Dubai: Private schools in Dubai have started informing parents about fee increases for the academic year 2014-15 as they push for a review of the existing cap which they claim is affecting their survival in the face of rising inflation and rents.

Schools from across curricula told XPRESS they have approached the authorities for a revision of the existing fee hike framework, which is based on the education costs index (ECI) and performance ratings, as it causes a huge funding gap that could eventually threaten closure.

Fee increases for 2014-15 have been fixed at 3.48 per cent for “outstanding” schools, 2.61 per cent for “good” schools and 1.74 per cent for the rest based on the 1.74 per cent ECI increase in 2013.

Funds crunch
Clive Pierrepont, Director, Communications of Taaleem which runs nine schools, said: “The funding gap occurs when schools, especially those with low fee structures, are told to better their ratings by investing more in technology, facilities, quality and staff training. In the past two years, these schools have had a fee freeze and a potential 1.74 per cent fee rise this year is not even enough to cover inflationary costs, never mind the improvements. Often, schools that have served Dubai well and for many decades stare closure in the face because of this funding anomaly.”

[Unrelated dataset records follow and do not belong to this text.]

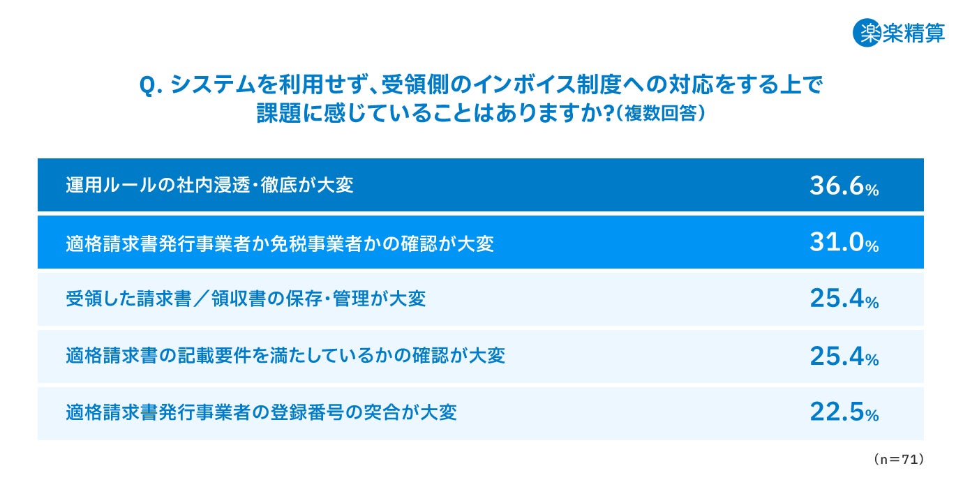 受領側のインボイス制度にシステムを利用せず対応していると回答した企業に課題を伺ったところ、「運用ルールの社内浸透・徹底が大変」が36.6%と最多となりました。次いで「適格請求書発行事業者か免税事業者かの確認が大変」が31.0%を占め、“社内規定に沿った申請かどうか”の確認や“適格請求書発行事業者の登録番号(T番号)の確認”など、インボイス制度で発生する確認業務が負担になっていることが明らかになりました。
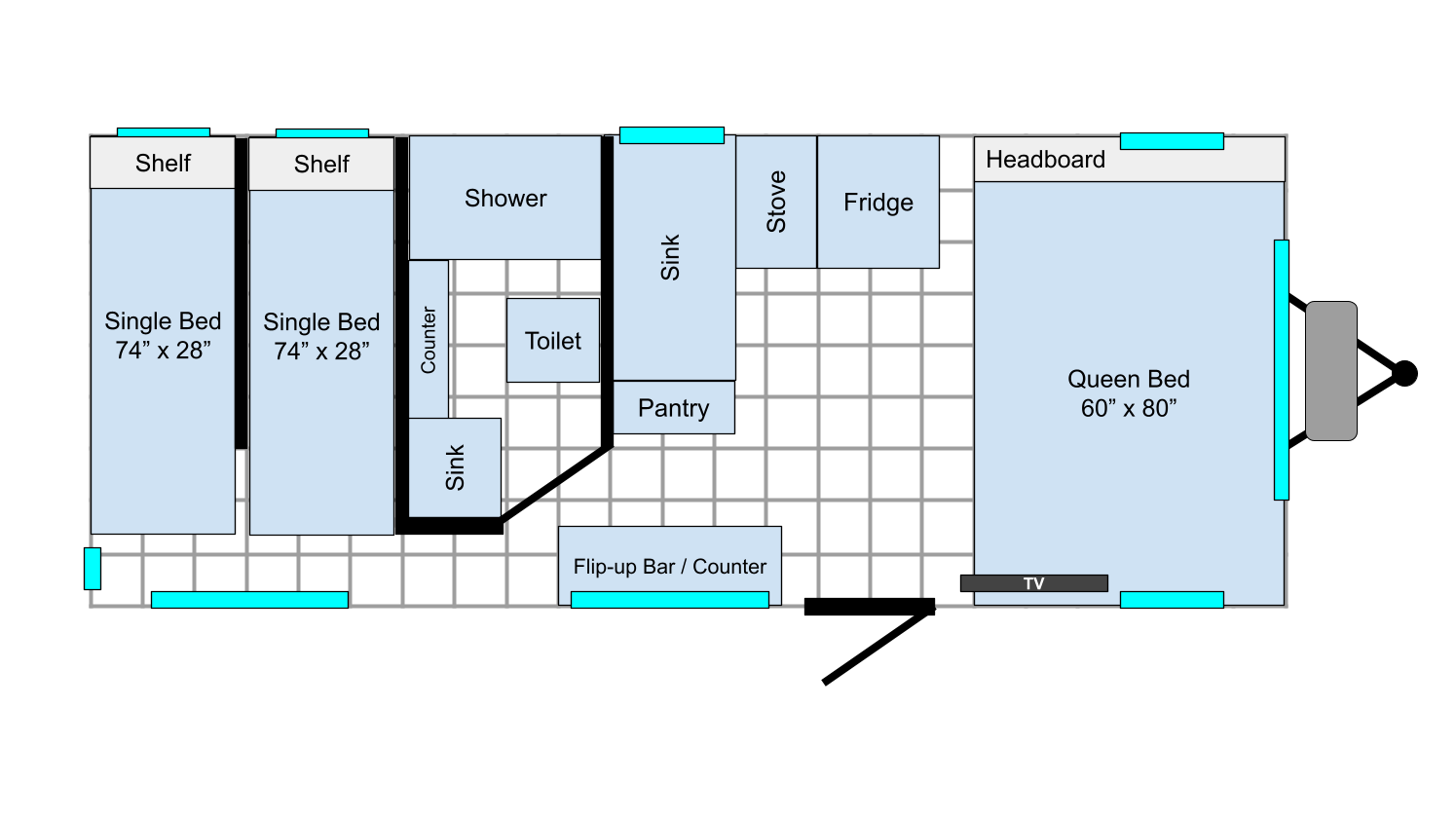 These two bed nooks could have lots of variation depending on how they are built. Instead of beds, they could each of a small laptop desk area which would transform the trailer from a family camper to a couples camper. Or, instead of single beds they can have bunks which would accommodate a family of six.
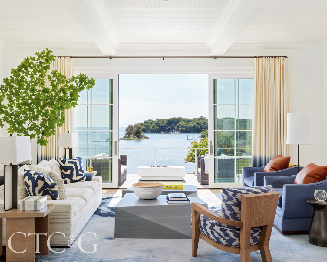 Dan Mazzarini, BHDM Design principal and creative director, designed this Connecticut home with its waterfront location in mind. “We took our inspiration from the views of Long Island Sound,” Mazzarini says. Outside, a fire pit adds warmth on cool evenings.
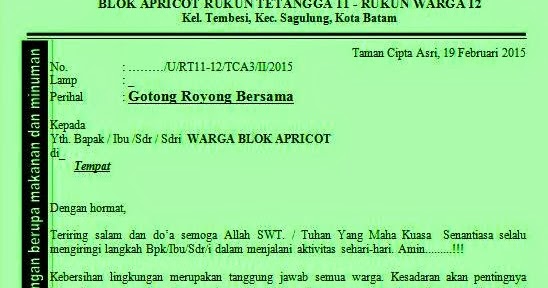 Apakah kamu sedang mencari Surat Undangan Gotong Royong Warga ? Jika benar maka kamu sudah membuka halaman website yang tepat. Pada post kali ini kamu bisa mendapatkan informasi mengenai Terbaru Surat Undangan Gotong Royong Warga.

In the last couple of years, several schools, including well-known names like English College Primary School and GEMS Westminster School, have made impending closure announcements due to financial constraints. But in some cases like GEMS Westminster, the closure plans have been scrapped under pressure from parents and pupils.

Sunny Varkey, Chairman of GEMS Education, the world’s largest private school operator which has schools charging fees at both ends of the spectrum, was recently quoted by Forbes Asia as saying: “Education is recession-proof. Parents would forgo their food to send their children to the right school … We adopted the airline model of economy, business and first class to make top-notch education available based on what families could afford.”

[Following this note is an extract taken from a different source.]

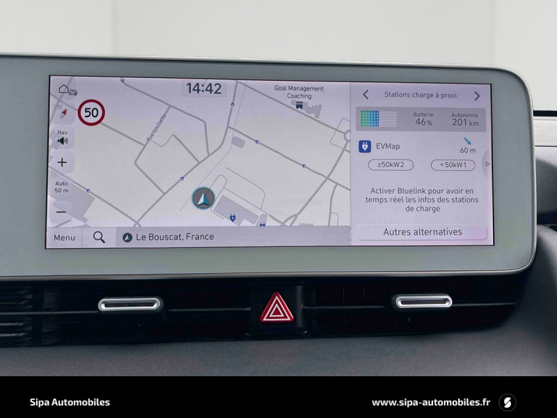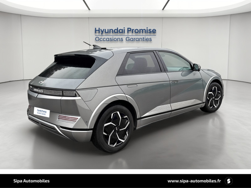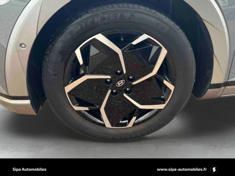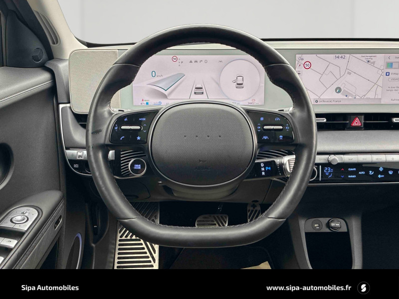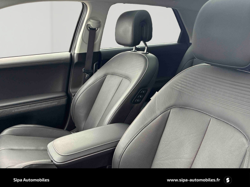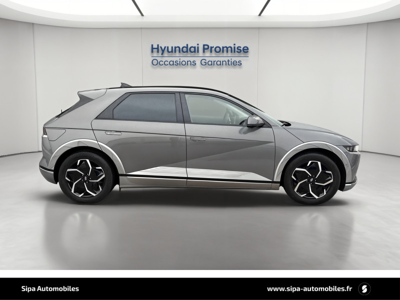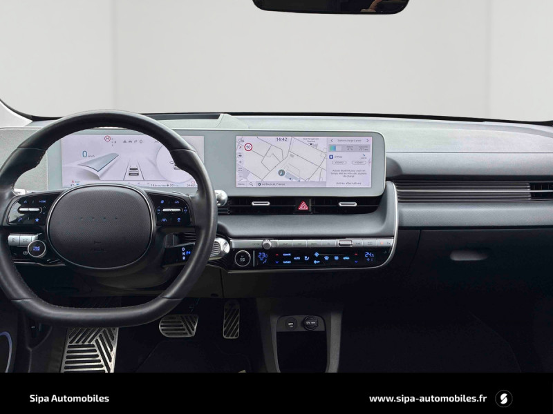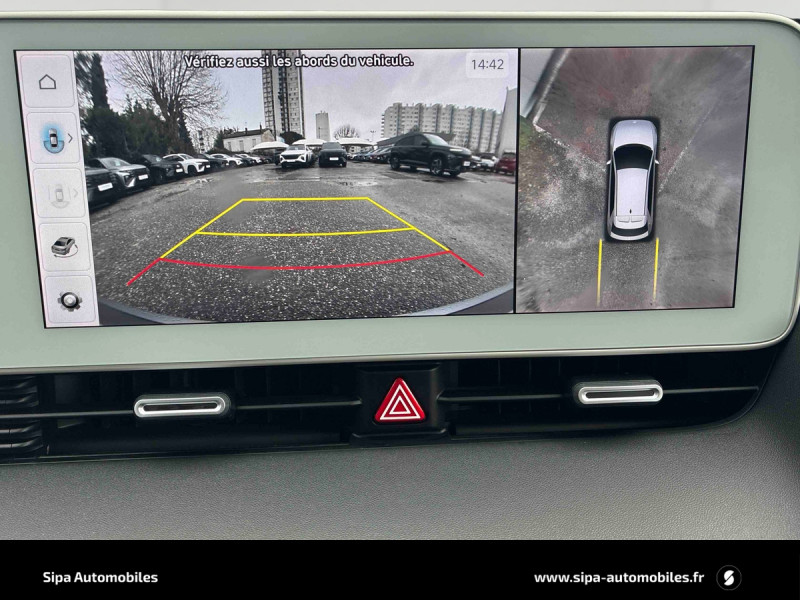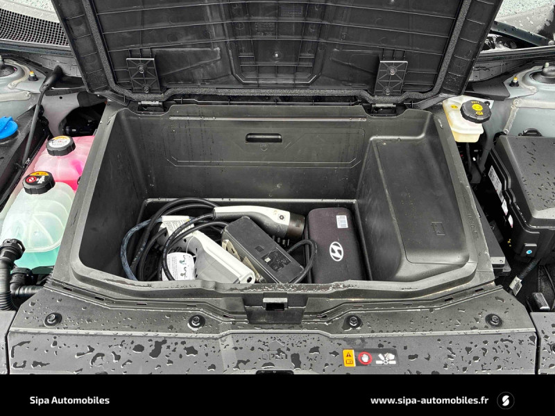 Aide au statiionnement AR avec fonction freinage / Capteur de désembuage automatique du pare-brise / Clignotants AV et AR à LED / Commande de stationnement à distance via télécommande (AV / AR / créneau / bataille) / eCall : appel d'urgence automatique aux services de secours avec géolocalisation du véhicule / Eclairage intérieur à LED personnalisable / Feux AR à LED type "Pixel" / Feux AV bi-LED type projection / Feux de jour et de position AV à LED type "Pixel" / Poignées de portes extérieures rétractables automatiquement / Pédalier façon aluminium / Revêtement de tableau de bord et contre-portes en similicuir avec surpiqûres / Rétroviseurs intérieur jour/nuit automatique / Système de navigation Europe avec programme de mise à jour de la cartographie et services Hyundai live / Toit vitré panoramique inclut Plafonnier à LED / Verrouillage automatique des portes en roulant / ABS, EBD et AFU / Accoudoirs AV/AR / Adaptateur V2L extérieur T2/ 230 V pour charge inversée (3,6 kW max) / Affichage caméra des angles morts / Affichage tête-haute sur pare-brise avec réalité augmentée / Alarme périmétrique / Alerte de circulation transversale à l'AR avec fonction freinage / Alerte de présence de passager AR avec capteur ultrason / Antenne de toit type requin / Assistance active au maintien et au suivi de voie / Assistance active à la conduite sur autoroute avec fonction changement de voie / Assistance à la sortie du véhicule / Boîte à gants coulissante type "tiroir" / Cache-bagages à enrouleur / Calandre rétroéclairée / Caméra 360° / Caméra de recul avec lignes de guidage dynamiques / Chargeur embarqué tri-phasé 11 kW / Chargeur inversé (V2L) Adapteur pour prise de charge exterieure et prise 230V sous les sieges AR / Chargeur sans fil pour téléphone compatible / Compteurs numériques 12.3" / Console centrale AV coulissante / Console centrale avec bac de rangement sous l'accoudoir AV / Contrôle de trajectoire électronique ESP avec gestion de stabilité pour remorque / Câble de recharge pour prise domestique / Direction assistée électrique asservie à la vitesse / Drive Mode (Eco, Normal, Sport et Neige) / Détection de fatigue du conducteur / Feux de route intelligents / Filet de coffre / Frein de parking électrique avec fonction auto-hold / Freinage anti multi-collisions / Freinage d'urgence autonome avec fonction intersection/croisement / Freinage d'urgence autonome avec reconnaissance piétons et cyclistes / Freinage régénératif intelligent / Hayon mains-libres intelligent / Jonc de vitres noir laqué / Kit de réparation / Ouïes de ventilation AR / Palettes de freinage régénératif modulable au volant (avec fonction i-Pedal) / Pare-soleil intégrés dans les portes AR / Poches aumonières au dos des sièges AV / Poignées de portes intérieures grain métal / Porte-gobelets AV/AR / Prise 12V dans le coffre / Prise 230V sous les sièges AR / Prise Type 2 - 11 kW / Programmation de la recharge et de la ventilation / Protections AV et AR, ligne de bas de caisse et passages de roue grain métal / Protections de seuils de portes grain métal / Rétroviseurs extérieurs couleur carrosserie / Rétroviseurs électriques dégivrants, rabattables électriquement avec clignotants intégrés / Services connectés BlueLink avec carte SIM incluse / Siège conducteur avec support lombaire électrique / Siège passager avec support lombaire électrique / Sièges AR coulissants électriquement / Sièges AR inclinables / Sièges AV multi-confort avec dossiers inclinables et repose-mollets / Sièges AV réglables électriquement à mémoire / Surveillance des angles morts avec assistance active au changement de voie / Système audio premium Bose, 7 haut-parleurs, amplificateur et subwoofer / Système d'accès mains-libres et démarrage sans clé / Système de chauffage de la batterie / Système de préconditionnement de la batterie / Système ISOFIX pour siège enfant aux places latérales AR / Système multimédia avec écran couleur tactile 12,3" avec reconnaissance vocale en ligne / Transmission à commande électrique / Vide-poches dans portes AV/AR / Vitres AV/AR avec film acoustique / Vitres électriques AV et AR (séquentielles à l'AV) / Volant chauffant

Private schools contend that new entrants are at an advantage as they can charge higher fees against old schools which are hardpressed to restructure their fees.

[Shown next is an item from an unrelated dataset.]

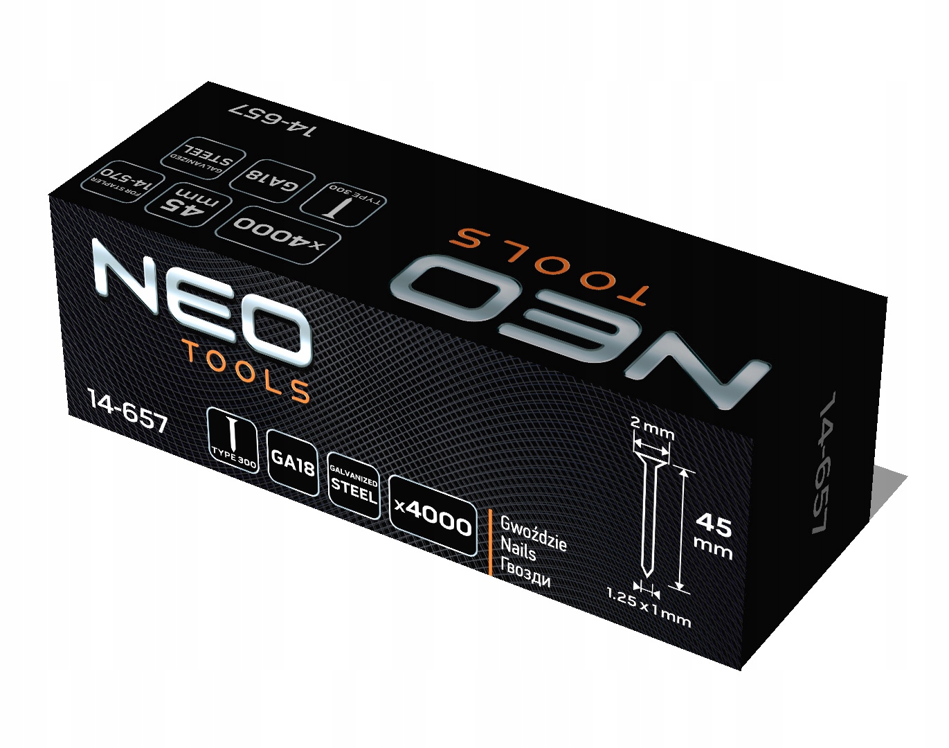 Цвяхи оцинковані для пневматичного степлера (14-570), GA18, тип 300 (F), довжина 45 мм, 4000 шт. 14-657 фірми NEO - це сталеві цвяхи, оцинковані і тому стійкі до корозії. Призначені для пневматичного степлера 14-570 NEO. Характеризуються довжиною 45 мм, тип 300 (F), GA18. Вони пропонуються наборами по 4000 штук. Цвяхи рекомендовані для всіх видів робіт пневматичними степлерами. Вони підійдуть для професійного використання.

Kollur Guruswamy of JSS Education Foundation, which runs two schools, said there’s a mismatch in the fee hike logic. “Schools that need to improve their ratings should be allowed higher fee increases, but it is the other way round. As such, Asian schools, whose fees already fall in the low end of the spectrum, take the biggest hit. We at JSS have been operating a loss for the last five years.”

The schools blame skyrocketing rents and inflationary pressures for their unsustainable finances. Guruswamy said: “We collect fees only for 10 months but our costs are spread over 12 months. Forty per cent of our revenue goes into paying our 150 teachers whose average monthly salary is Dh4,500. The remaining 60 per cent goes into leasing our premises. So where is the money to invest in IT and other areas? We are able to pull on only because of our parent organisation’s support.”

Even at Taaleem, which caters to the premium sector, Pierrepont said: “We hire the majority of talent on international contracts. Therefore, we are subject to global inflationary pressures that the ECI does not take into account. Our annual inflation costs range between five and 10 per cent and this does not take into account any further investment, or package increases. We have just awarded our teachers a Dh15,000 housing allowance increase to keep pace with the rent rises in Dubai’s market. This has had a major impact on our costs.”

A director of an Indian school said: “The ECI index needs to be looked into afresh keeping in mind our operational costs and rising inflation. Even hiring a retired teacher from the UK for a mock inspection costs us around £800 a day.”